Some huge news today. Intel has started to notify its ecosystem saying that it will stop direct investment in the Next Unit of Compute (NUC) business. For the handful of STH readers who are unaware, Intel not only makes chips but they also make systems. Earlier this year, we covered that Intel was exiting the server business and selling it to MiTAC. Now its line of PCs is being sunset as well.

Intel Exiting the PC Business as It Stops Investment in the Intel NUC

Intel NUCs are awesome. These mini PCs have really defined a space serving as everything from desktops to portable VMware/ Ubuntu/ and other enterprise software cluster nodes, to even being the backbone of Enterprise Restaurant Compute with Kubernetes at Chick-fil-A. The small size, and to be very frank, Intel’s support of the platform has made them very popular. There is a gap between the support experience with an Intel NUC and many of the mini PC vendors that exist today.
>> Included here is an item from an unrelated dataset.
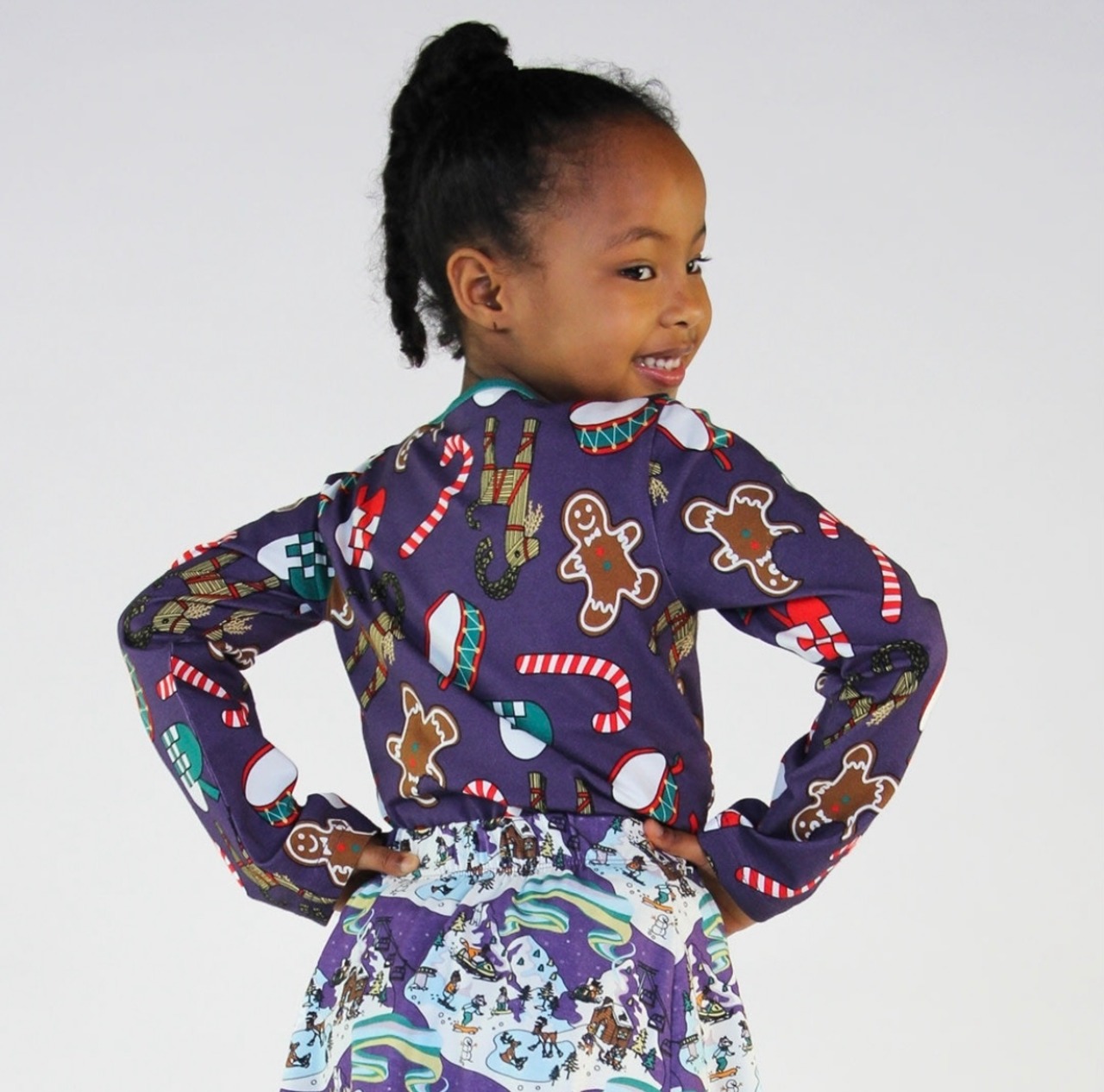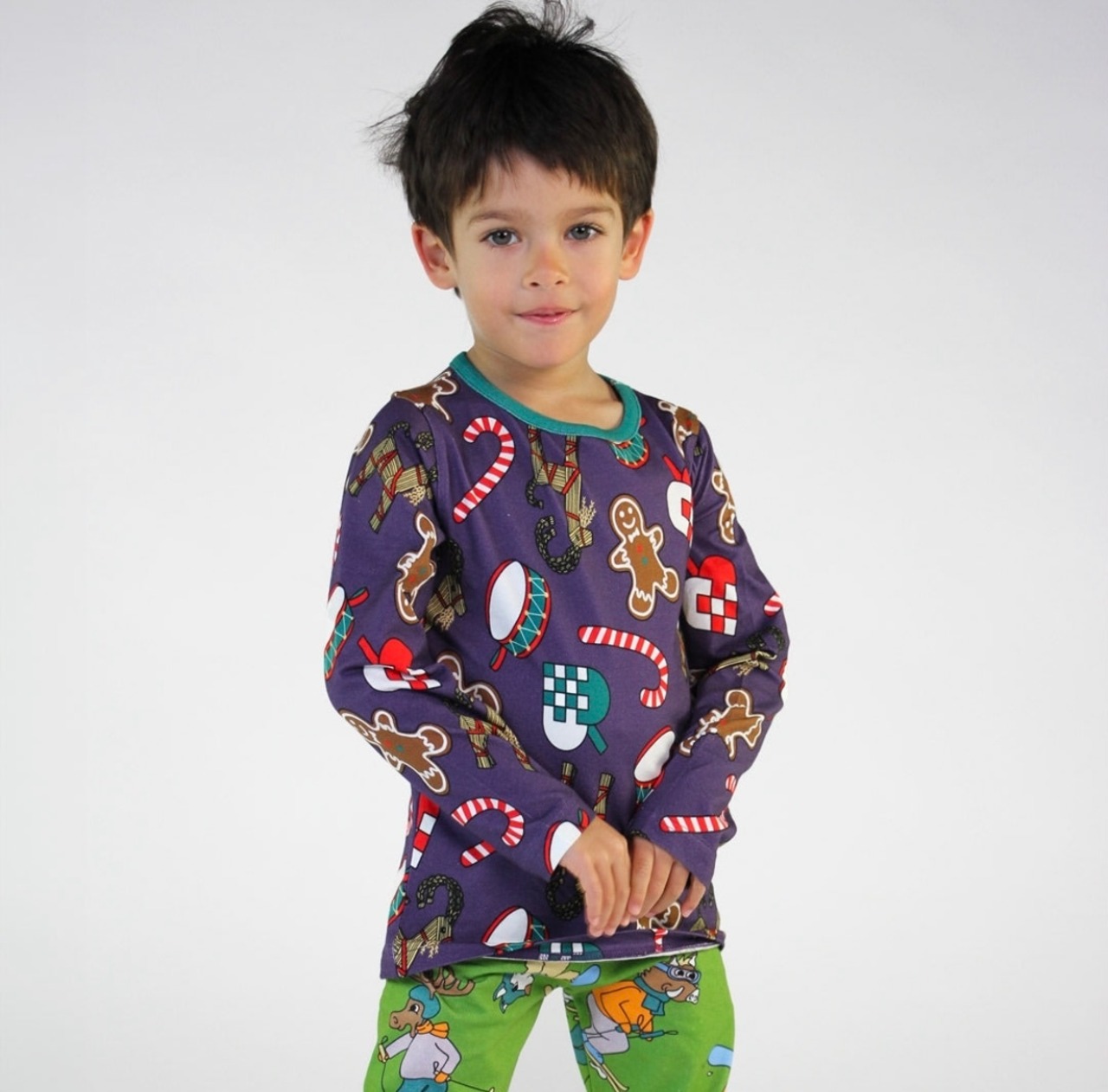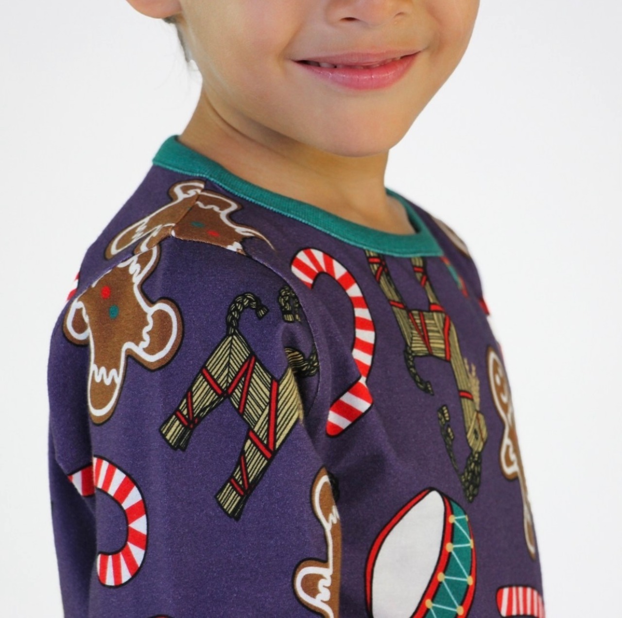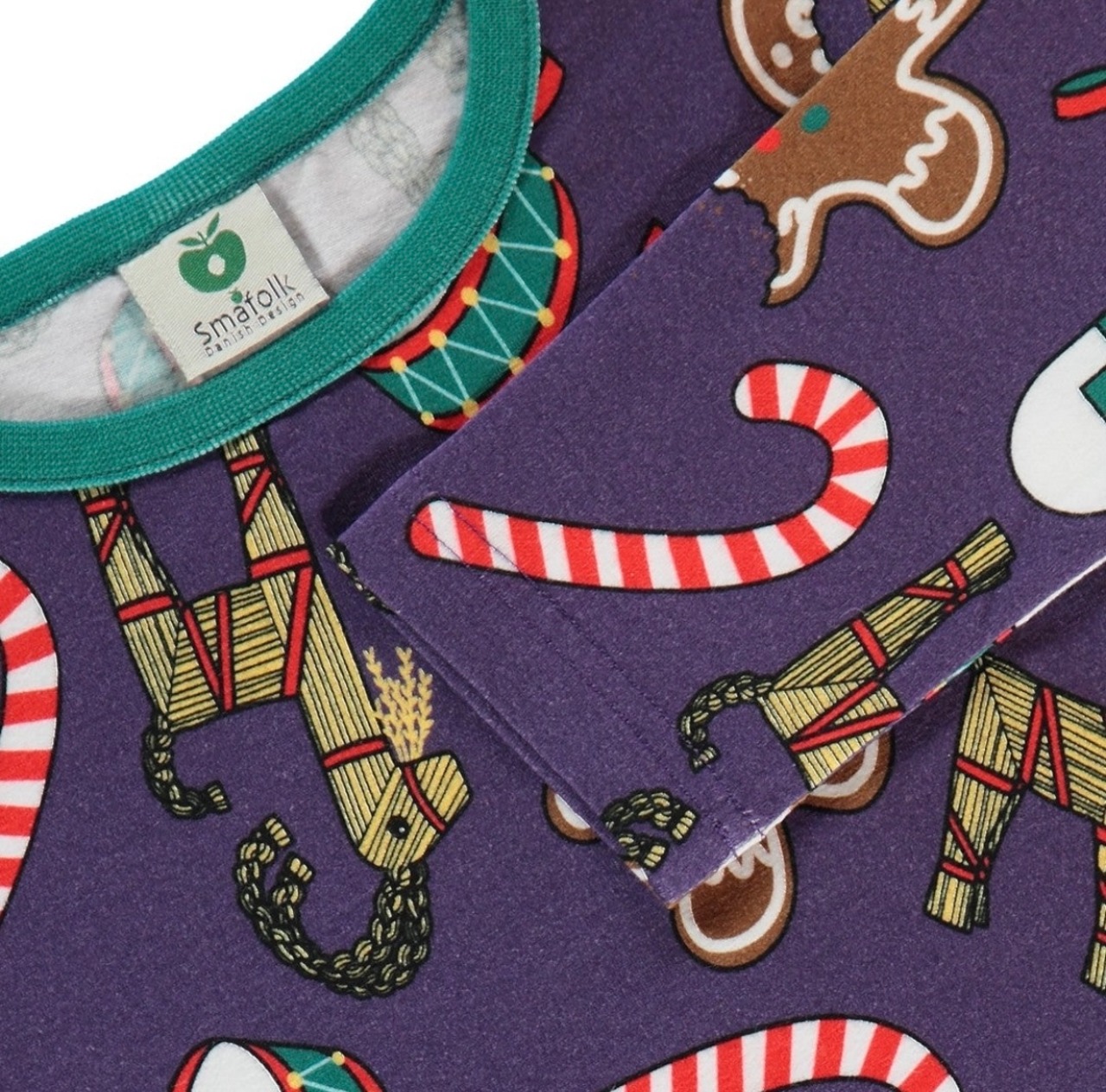 オーガニックで伸縮性のあるコットンジャージーで作られたクリスマスデコレーションの長袖Tシャツ。

Intel NUC 12 Pro Wall St Canyon NUC12WSKi7 Front
Intel NUC 12 Pro Wall St Canyon NUC12WSKi7 Front

Over the years, the Intel NUC line has expanded to much larger form factors, even encompassing Intel Xeon CPUs in chassis large enough to have GPUs as well. If anything the NUC line has grown over the years from small boxes to all kinds of form factors.

Intel NUC9VXQNX Quartz Canyon Xeon Processor Module Out Of Chassis
Intel NUC9VXQNX Quartz Canyon Xeon Processor Module Out Of Chassis

That has led to a strange market dynamic. As it was doing in the server business, Intel was in a position to compete with its major OEM customers. That brings us to the key question: does Intel add value by competing on motherboard and chassis design, rather than chip design? For the past few years as the mini PC space has flourished perhaps the answer has been no.

Intel NUC11TNKi5 Lenovo M90n Nano HP EliteDesk 800 1
Intel NUC11TNKi5 Lenovo M90n Nano HP EliteDesk 800 1

We had an initial heads-up, then heard from a second source this morning that Intel sent a note to its partners today saying:

Intel has decided to stop direct investment in the Next Unit of Compute (NUC) product line…” (Source: Intel e-mail to partners)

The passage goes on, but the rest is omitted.